Thursday 2 July 2015

Summer Flummery



For reading under the apple tree there are some books which engage the mind easily without being a grievous injury; I mean books which pause the ‘borne back’ and permit us to remain suspended like pond skimmers on imaginations surface tension. There is a time for flummery. I have just read we have always lived in the Castle by Shirley Jackson:

"He used the most sugar," Mrs. Wright said.
"Alas," Uncle Julian said.  "Then, on either side of my brother, his daughter Constance and my wife Dorothy, who had done me the honor of casting in her lot with mine, although I do not think that she anticipated anything so severe as arsenic on her blackberries.

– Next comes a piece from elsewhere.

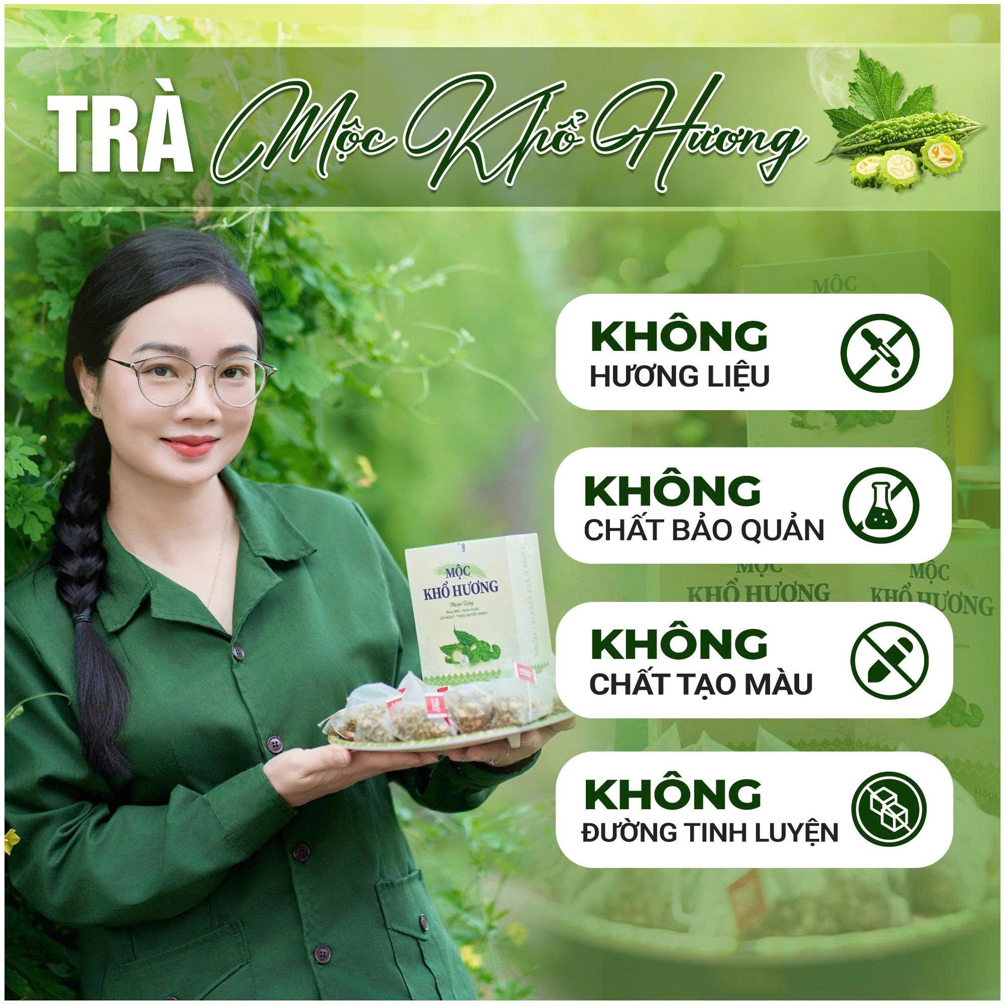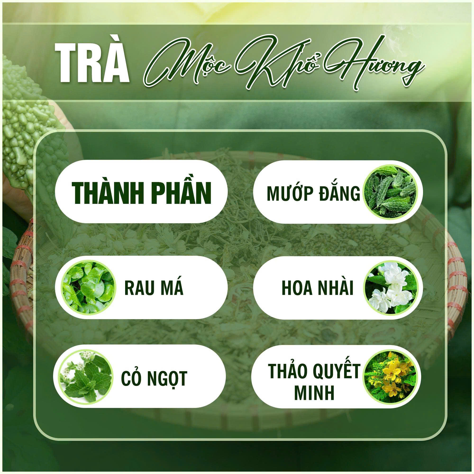 Trà Mộc Khổ Hương được chiết xuất từ nhiều loại thảo mộc thiên nhiên, an toàn và có giá trị dược liệu cao. Nguyên liệu chính là lá khổ qua và các loại thảo mộc phối hợp khác, giúp mang đến hương vị đặc trưng cùng công dụng vượt trội. Khổ qua được biết đến là loại thảo mộc giàu dưỡng chất, có tác dụng thanh nhiệt, giải độc, hỗ trợ đường huyết và tốt cho gan. Ngoài ra, sản phẩm còn kết hợp với các loại thảo mộc hỗ trợ tiêu hóa, giúp giảm đầy bụng, khó tiêu và làm dịu dạ dày.

Another child, my niece Mary Katherine, was not at table."
"She was in her room," Mrs. Wright said.
"A great child of twelve, sent to bed without her supper. But she need not concern us."


The sugar is passed frequently in this macabre comedy. Uncle Julian is the family historian and the shambling relic of an event that he can’t get quite straight. Mary Katherine ought to concern us. Constance we are inclined to suspect may be an agent of deadly nurturence. Are we correct?

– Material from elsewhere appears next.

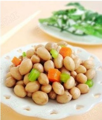 3.让花生米泡在汤汁中1-2小时会更入味芹菜焯水切断,胡萝卜切丁,加少许盐和醋稍为腌制一会,加入放凉的花生米拌匀,加入少许香油拌匀就可以了

Zuleika Dobson by Sir Max Beerbohm is pure fun. She is visiting her grandfather in Oxford and her unpacking is :
All the colours of the rainbow, materialised by modistes, were there. Stacked on chairs were I know not what of sachets, glove-cases, fan-cases. There were innumerable packages in silver-paper and pink ribands. There was a pyramid of bandboxes. There was a virgin forest of boot-trees. And rustling quickly hither and thither, in and out of this profusion, with armfuls of finery, was an obviously French maid. Alert, unerring, like a swallow she dipped and darted. Nothing escaped her, and she never rested. She had the air of the born unpacker—swift and firm, yet withal tender. Scarce had her arms been laden but their loads were lying lightly between shelves or tightly in drawers. To calculate, catch, distribute, seemed in her but a single process. She was one of those who are born to make chaos cosmic.

The Incomparable Max is incapable of cliche without at the same time straining after novelty of expression. That happens.

Out of Sheer Rage: Wrestling with D.H. Lawrence by Geoff Dyer is a English comedy of resolute indecision which I have begun (again and again). Beyond changes of venue nothing much will happen in a trance like way. He will notice things and then recant and then grudgingly accept. This is dangerous fiction for those dogged by velleity. I wish I could make up my mind whether this persona is a gimmick that allows Dyer to plunge his sink and carry on.

Because life is serious I continue to read The Road to Wigan Pier (unabridged, uncorrected) and enjoy bloody Orwell laying about him. Decent sort of chap: play up, play up and lay the blame.